SFU develops super sensor devices

Feb 22, 2010

(PhysOrg.com) -- Imagine being able to adjust your home furnace, check whether your arteries are plugging up and pinpoint the location of your child, all with a tap of the same quarter-sized brooch.

That’s becoming doable with next-generation technology developed by SFU engineering professor Bozena Kaminska and CiBER (Centre for Integrative Bio-Engineering Research). Kaminska, a Canada Research Chair in Wireless Sensor Networks, founded the SFU-based, mixed-technology, electronics developer.

CiBER’s work first made international news three years ago when it unveiled a wearable wireless cardiac monitoring and diagnostic sensor. The miniature device is embedded in a polymer-based Band Aid worn on the chest.

“Since then, we have further honed our miniature sensors for secure document storage and transmission,” says Kaminska.

“They can be used to track and detect the identity of objects and people. At the National Research Council (NRC) in Ottawa, we’re incorporating this ability into sensor-based wireless applications to create smart homes and save energy.”

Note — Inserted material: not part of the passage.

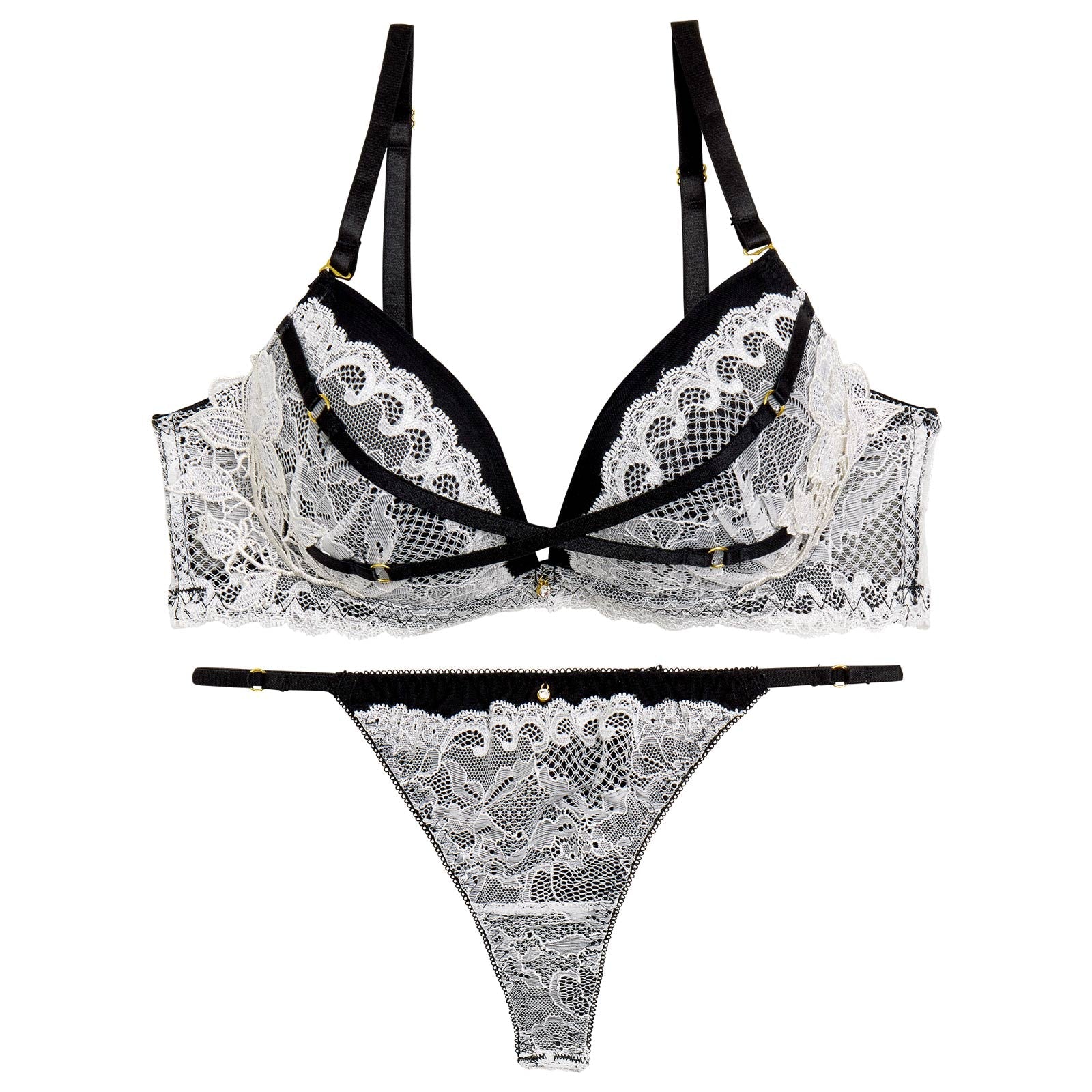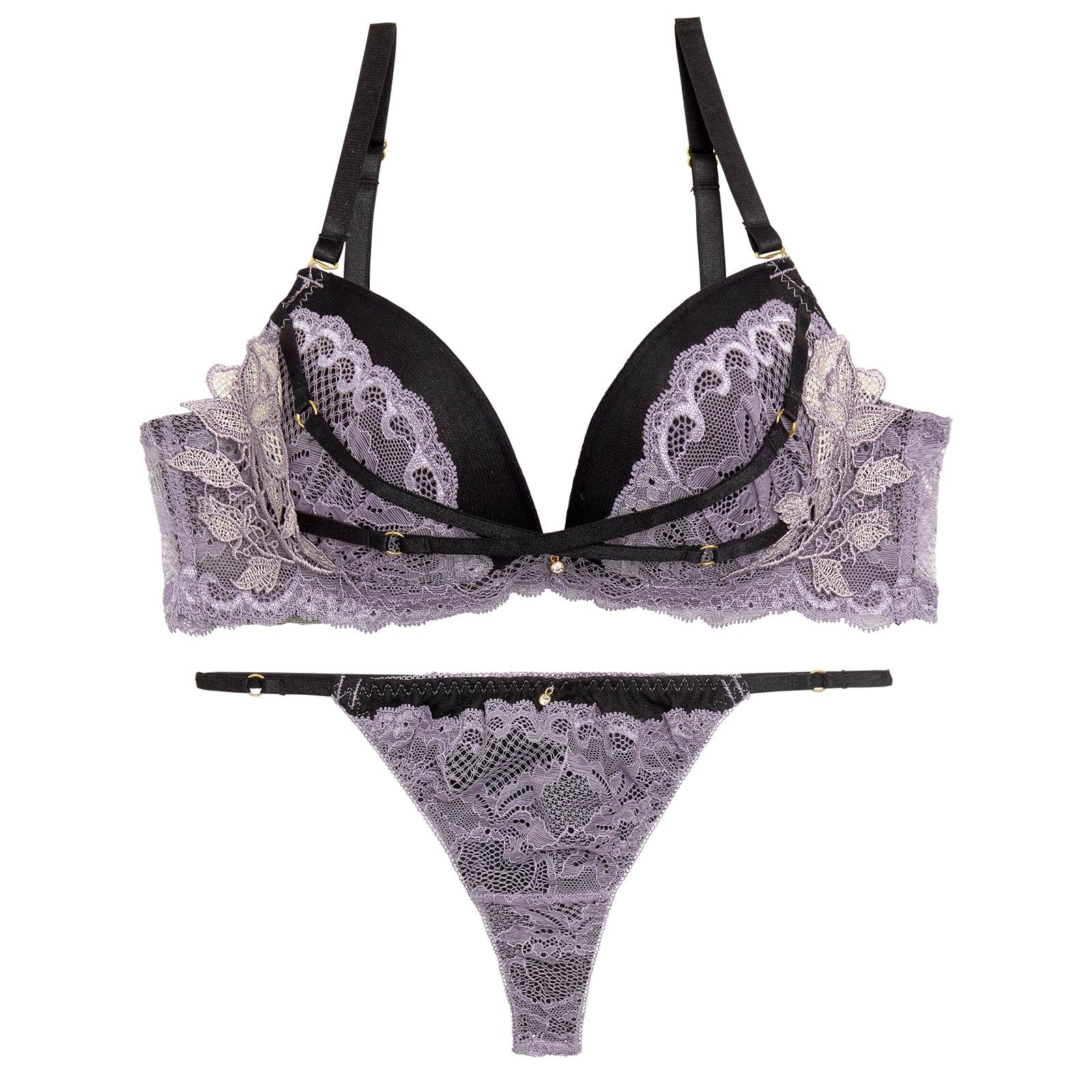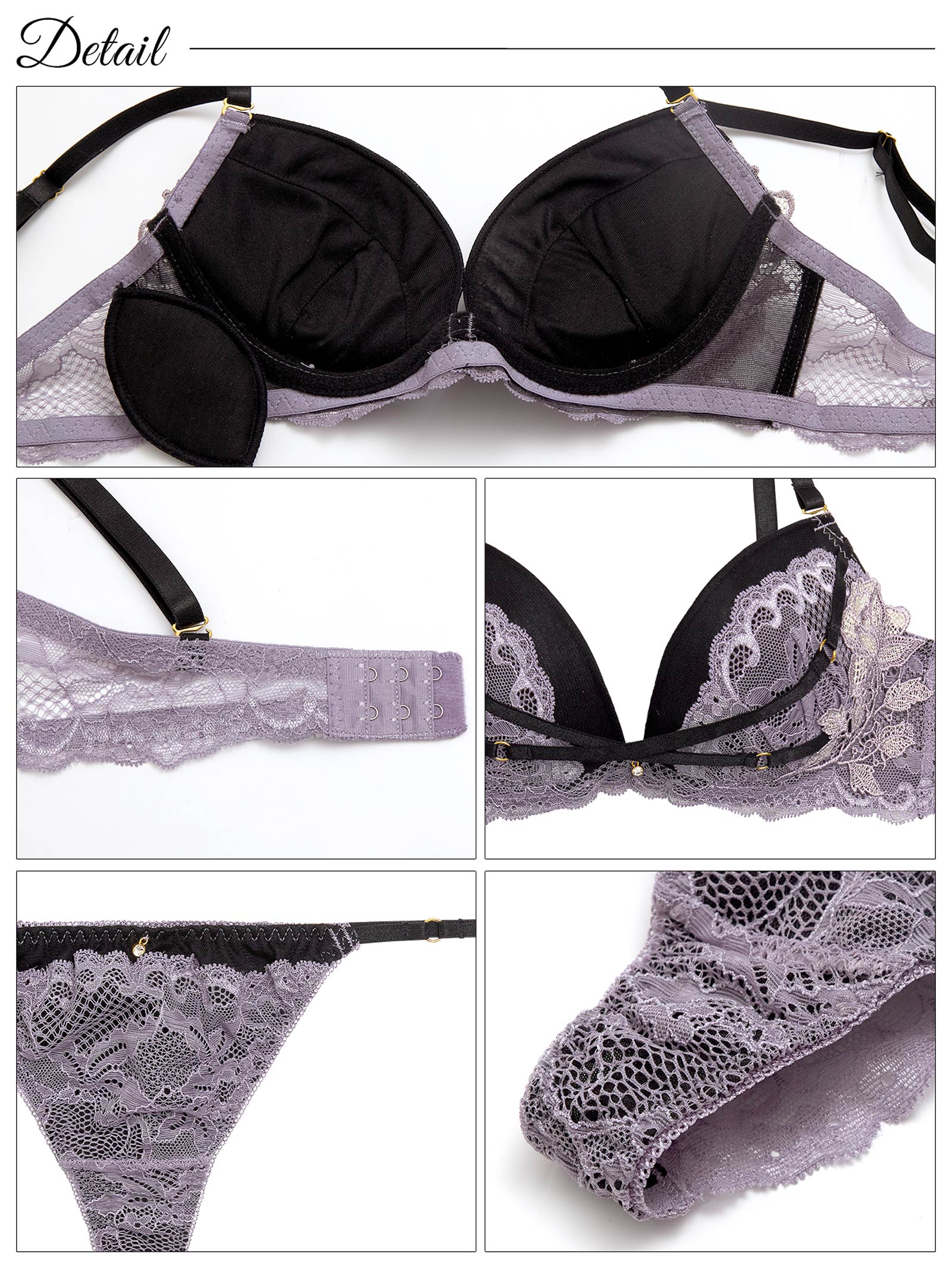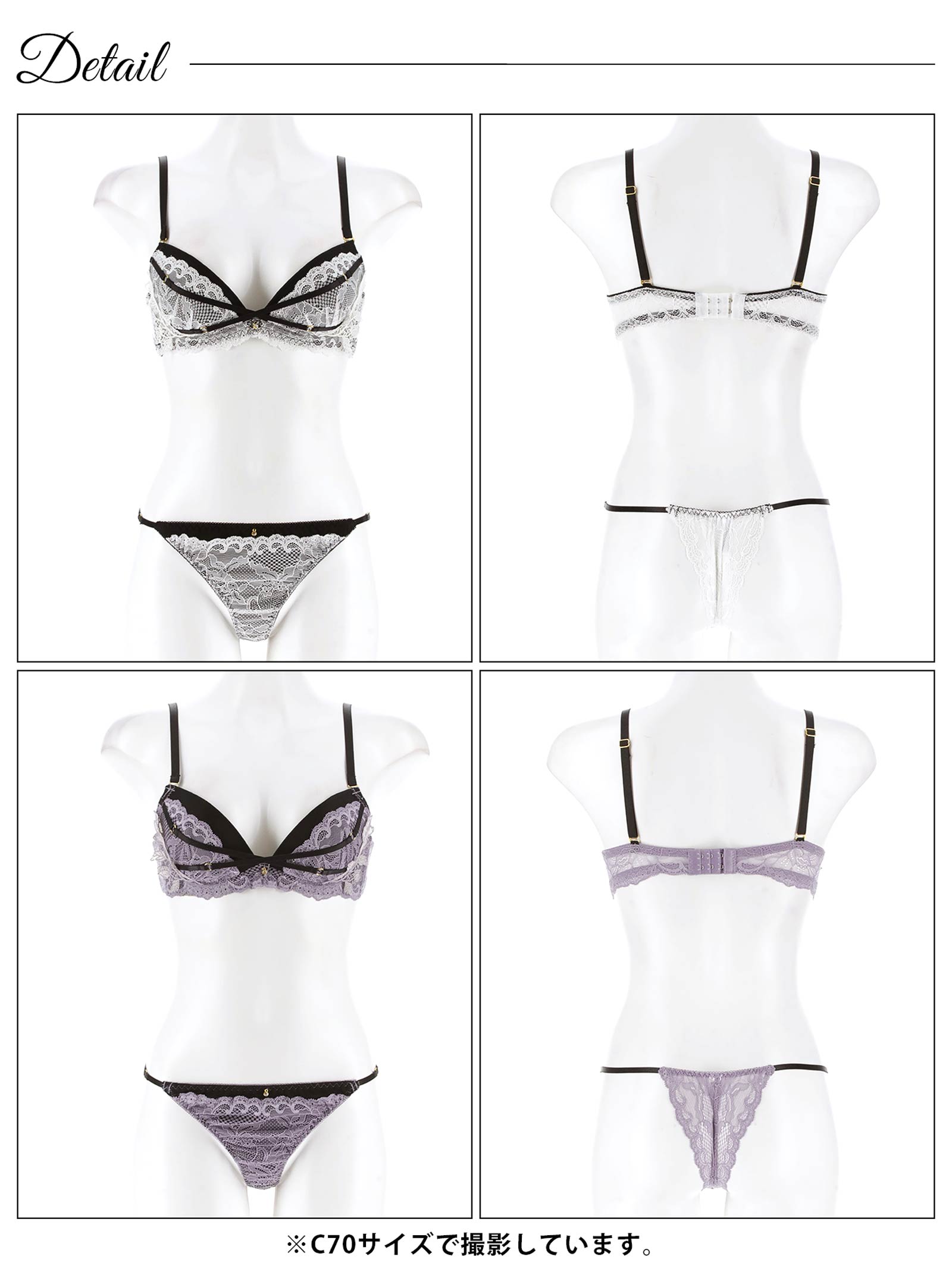 アンジュクロスエンブロイダリーブラジャー&バック透けTバックショーツ

Not only do these sensors have highly sophisticated health, athletic, security and energy monitoring applications, they can also communicate with each other through a CiBER-created solar-powered, wireless, mesh network connected to the Internet.

Through a project led by Marcin Marzencki, a post-doctoral fellow in Kaminska’s lab, CiBER has successfully tested several of its network installations in the Okanagan and at the NRC.

The Fraser Health Burnaby Hospital and other health care facilities are clinically testing CiBER’s sensors and networking capabilities for medical purposes and evaluating them for athletic and fitness applications.

“Other research groups are using our technology as a platform to build their work on,” says Kaminska, “and that’s largely thanks to CMC Microsystems.”

The Queens University-based, non-profit microelectronics fabricator and distributor helps university researchers, nationally, commercialize their inventions.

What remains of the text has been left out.